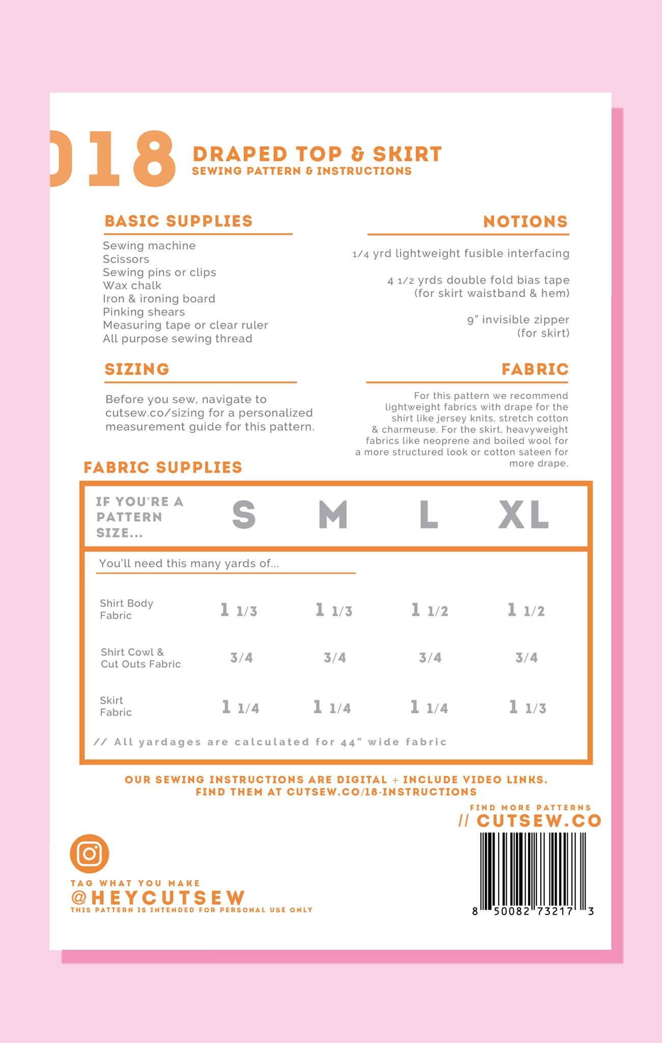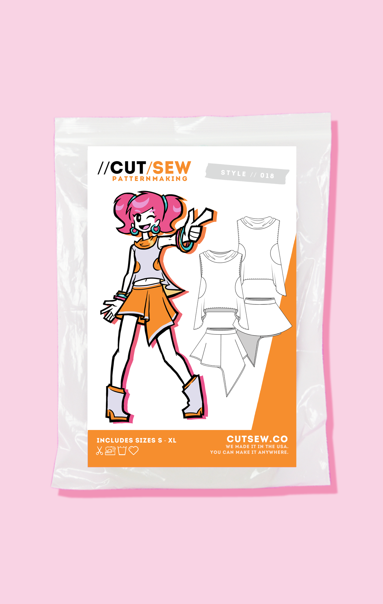 All CUT/SEW patterns are printed on sturdy 20 lb bond paper and packaged in reusable zip-top bags for easy storage. Each pattern includes sizes S - XL and can be modified using the included adjustment instructions to fit up to a US dress size 18.
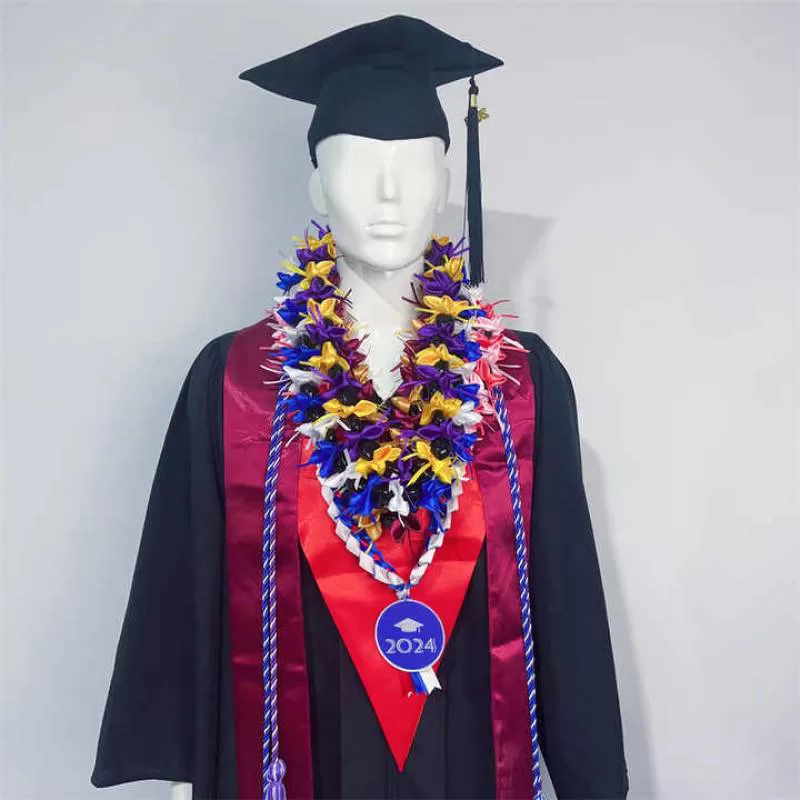 School Color Graduation Ribbon Lei with Kukui Nuts Flower Ribbon Lei Hawaiian Ribbon Lei
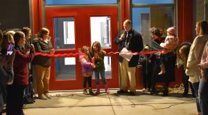 After nearly a year of construction, dozens of families gathered around as two children cut the ceremonial ribbon during the formal opening of the new Oakville Elementary School on Wednesday, Nov. 9, in Oakville.
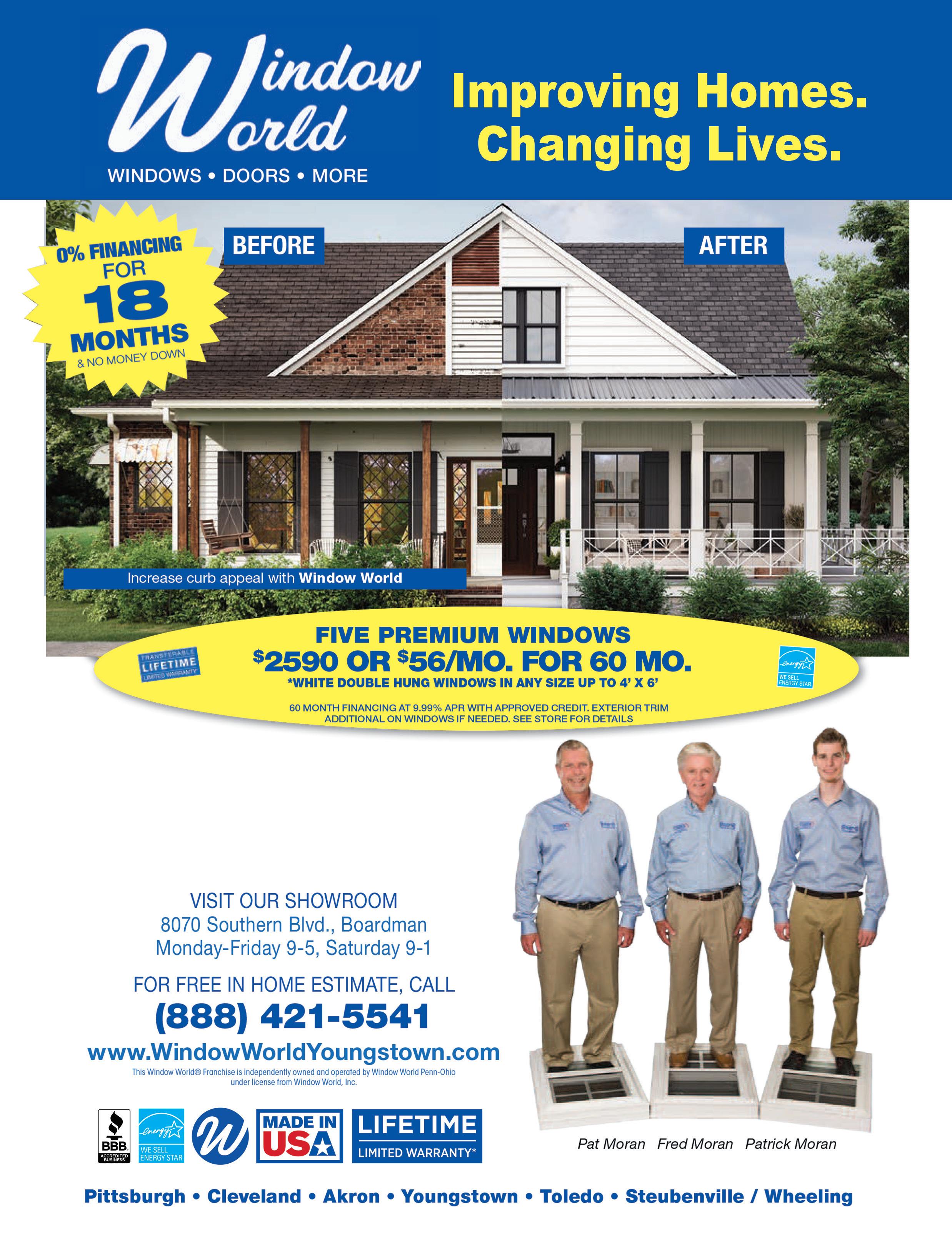 VISIT OUR SHOWROOM 562 South Reynolds Rd., Toledo Mon-Fri 9am-5pm • Sat 9am-1pm Window World is America’s Largest Exterior Remodeler. With Over 1.5 Million Windows Sold in 2020 alone! We are proud to offer low-maintenance, energy-efficient solutions with exceptional customer service and attention to detail that you’ve come to expect from America’s #1 exterior remodeler. 419-740-5191 WindowWorldToledo.com FOR FREE IN HOME ESTIMATE, CALL Local Owners WITH SOLARZONE INSULATED GLASS
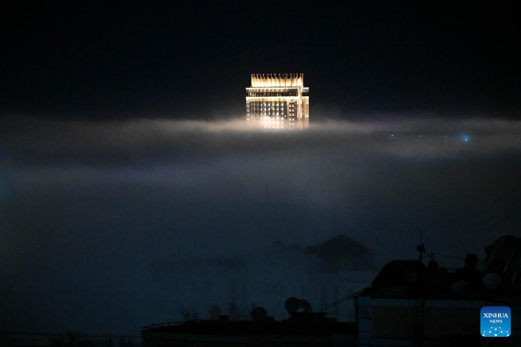 This photo taken on Jan. 3, 2026 shows Almaty in fog, Kazakhstan. (Xinhua/Li Renzi)
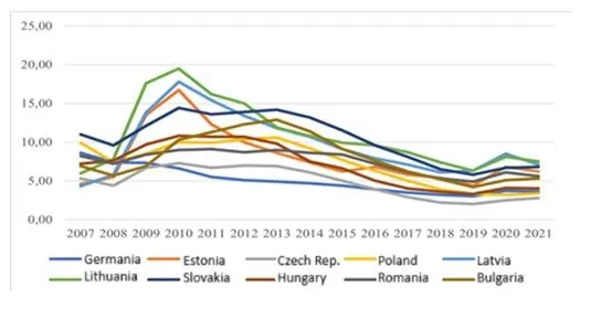 At the beginning of the period under review, the average registered unemployment rate in the Bucharest Nine was 7.04%. Figure 5 shows that, after the economic crisis in 2009, unemployment increased in all the Bucharest Nine countries in the following years. The highest unemployment rate was recorded in 2010 and throughout the entire period under review. Fortunately, due to the economic recovery, the unemployment rate decreased. The lowest measured unemployment rate in the Bucharest Nine was in the Czech Republic in 2019. The highest value of the registered unemployment rate was measured in Latvia in 2010. Using graph no. 7, we can conclude that the Czech Republic, with a value of (2.80%), in 2021 overtook the Western European leader, Germany, with a value of (3.60%), in terms of registered unemployment.
────────────────────
* _Task directions_
Print the part of the listing above that opens with the line containing "School Color Graduation" and closes with the line containing "After nearly a". Copy it exactly, both ends included, and omit the pictures.

* _Task result_
 School Color Graduation Ribbon Lei with Kukui Nuts Flower Ribbon Lei Hawaiian Ribbon Lei
 After nearly a year of construction, dozens of families gathered around as two children cut the ceremonial ribbon during the formal opening of the new Oakville Elementary School on Wednesday, Nov. 9, in Oakville.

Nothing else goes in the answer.